§ **Problem to work on**
From the first line of the listing below to the line containing "The embroidered ceremonial", write out everything exactly. No pictures.

§ **Collected data**
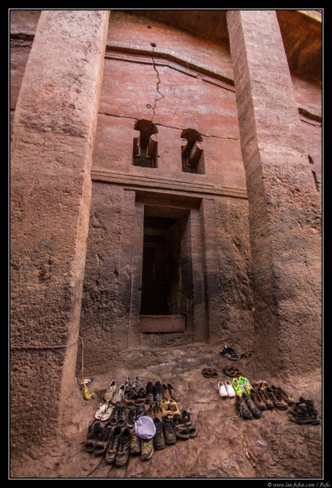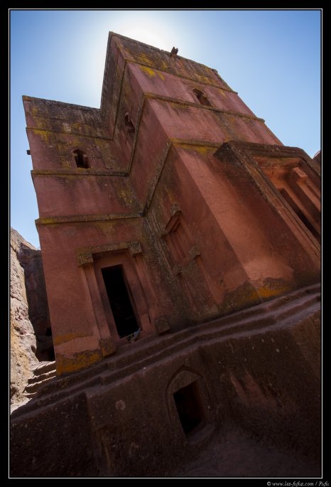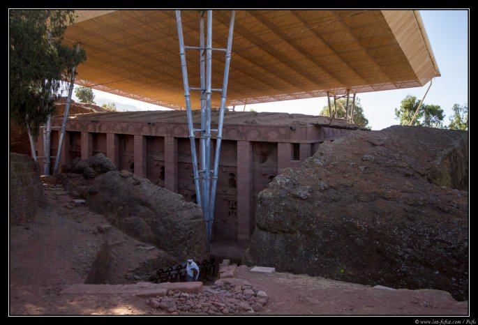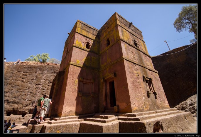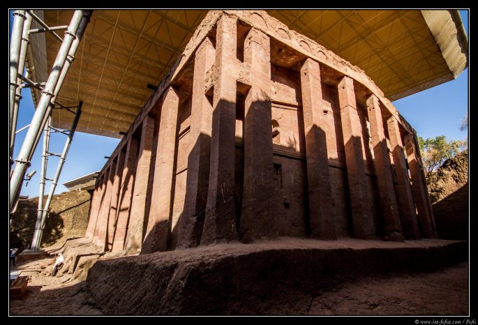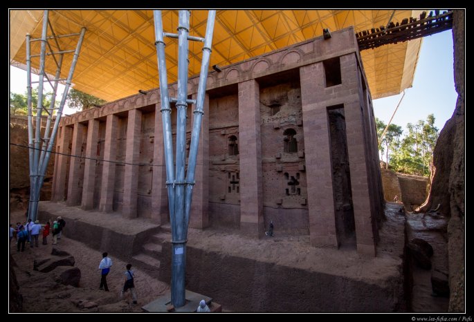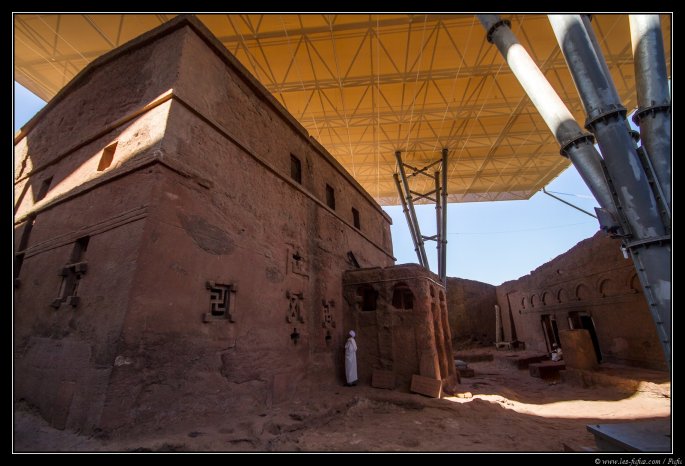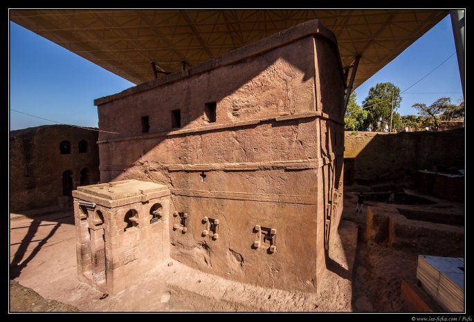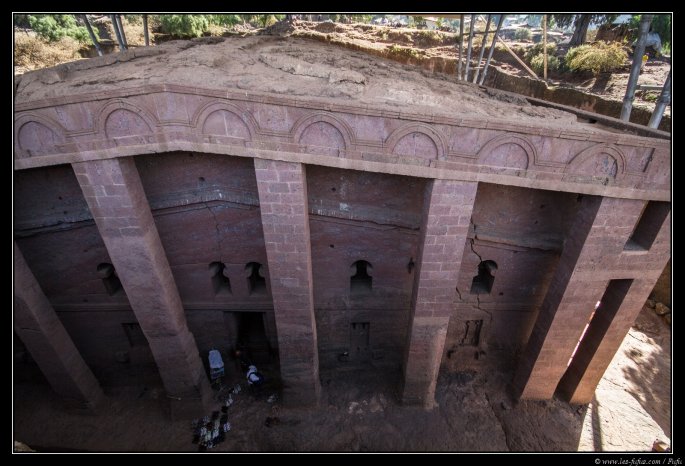 La toute première église à visiter est Bet Medhane Alem (lien Wikipédia). L’accès passe par une petite excavation dans la roche et qui rejoint les abords des murs de l’église. On fait le tour, et on ne peut s’empêcher de comparer cette construction à celles rencontrées à Pétra en Jordanie.
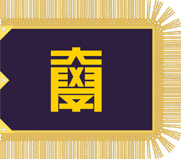 The embroidered ceremonial flag has purplish blue background with a gold symbol mark in gold fringe.
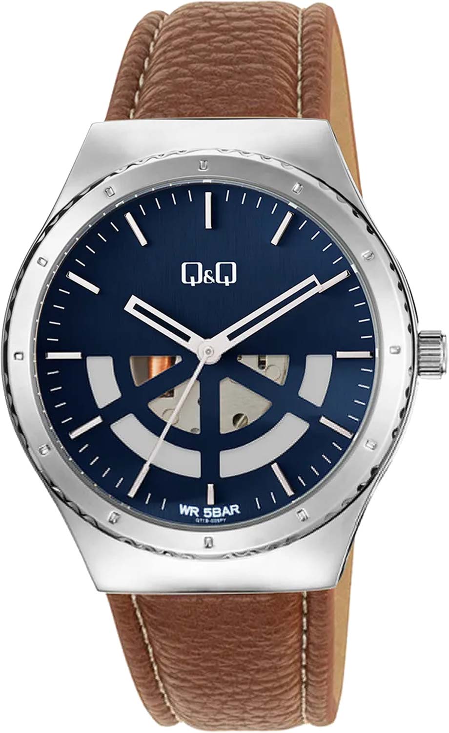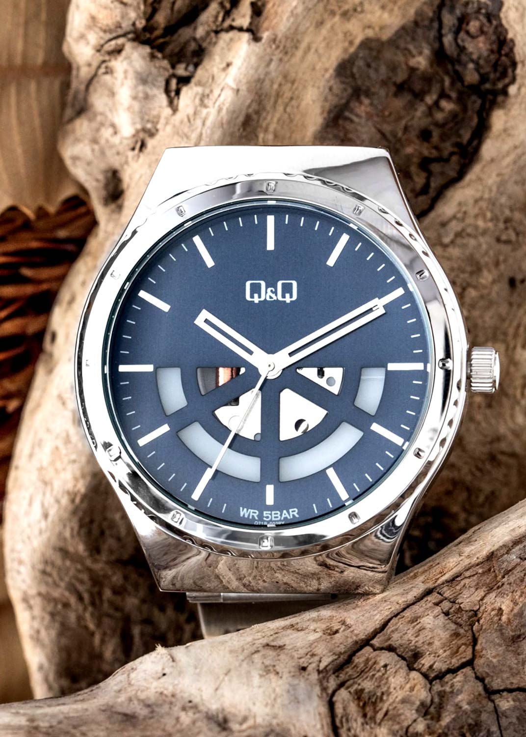 Мужские наручные часы. Круглый металлический корпус с минеральным стеклом. Рифленый безель. Циферблат с окошком, через которое видно механизм часов. Метки в виде штрихов. Рифленая заводная головка. Удобный ремешок из искусственной кожи с классической застежкой.
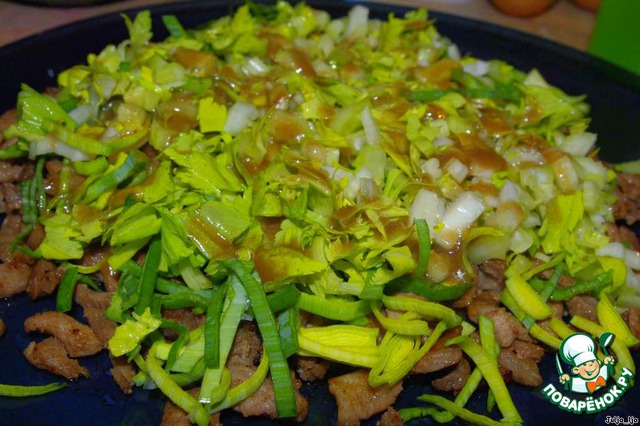 Далее, зелёную часть лука-порея нарезаем соломкой, выкладываем вторым слоем.

§ **Result of this task**
 La toute première église à visiter est Bet Medhane Alem (lien Wikipédia). L’accès passe par une petite excavation dans la roche et qui rejoint les abords des murs de l’église. On fait le tour, et on ne peut s’empêcher de comparer cette construction à celles rencontrées à Pétra en Jordanie.
 The embroidered ceremonial flag has purplish blue background with a gold symbol mark in gold fringe.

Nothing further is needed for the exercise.